Signal amplification between Gbetagamma release and PI3Kgamma-mediated PI(3,4,5)P3 formation monitored by a fluorescent Gbetagamma biosensor protein and repetitive two component total internal reflection/fluorescence redistribution after photobleaching analysis.

Phosphoinositide 3-kinase gamma (PI3Kgamma) is activated by Gbetagamma release after stimulation of Galpha i -coupled receptors, involving a recruitment of the enzyme to the plasma membrane via interaction of the regulatory subunit p101 or p87 with Gbetagamma. The receptor-mediated release of Gbetagamma was, however, insufficient to elicit a translocation of p101 observable by classical fluorescence microscopy approaches. Since the mobilities of plasma membrane-associated and cytosolic proteins differ strongly, small changes in the amount of plasma membrane association should be detectable by an altered diffusional behavior.
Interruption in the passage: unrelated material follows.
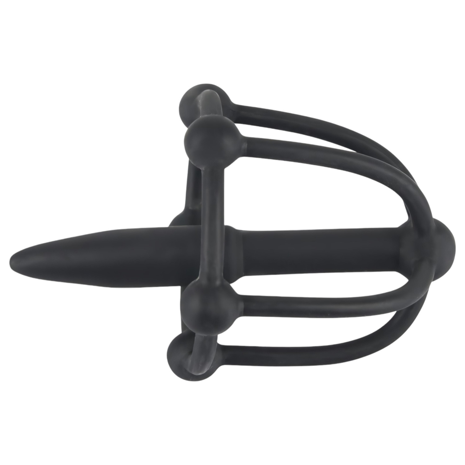 Penisplug - szilikon makk ketrec dilátorral (fekete)

Here, changes in mobility were monitored by fluorescence redistribution after photobleaching (FRAP) which was repetitively applied before and after stimulation of cells. To combine the advantages of total internal reflection (TIR) illumination, which preferentially excites fluorophors located at or near the plasma membrane, with that provided by the mobility information, we developed a combined TIR/FRAP setup which enabled us to point bleach parts of an image that was observed under TIR illumination. For FRAP data analysis, we introduce a convolution-based method and a global two component model. Using this TIR/FRAP approach, an increased plasma membrane association of the fluorescent Gbetagamma-binding domain of p101 after Gbetagamma release by G protein-coupled receptor stimulation could be detected and quantified. By comparing the translocation efficiency of this domain with that of YFP-GRP1(PH), a biosensor for the PI3Kgamma product PI(3,4,5)P3, we evaluate the signal amplification between Gbetagamma release and PI(3,4,5)P3 formation after activation of Galpha i -coupled receptors.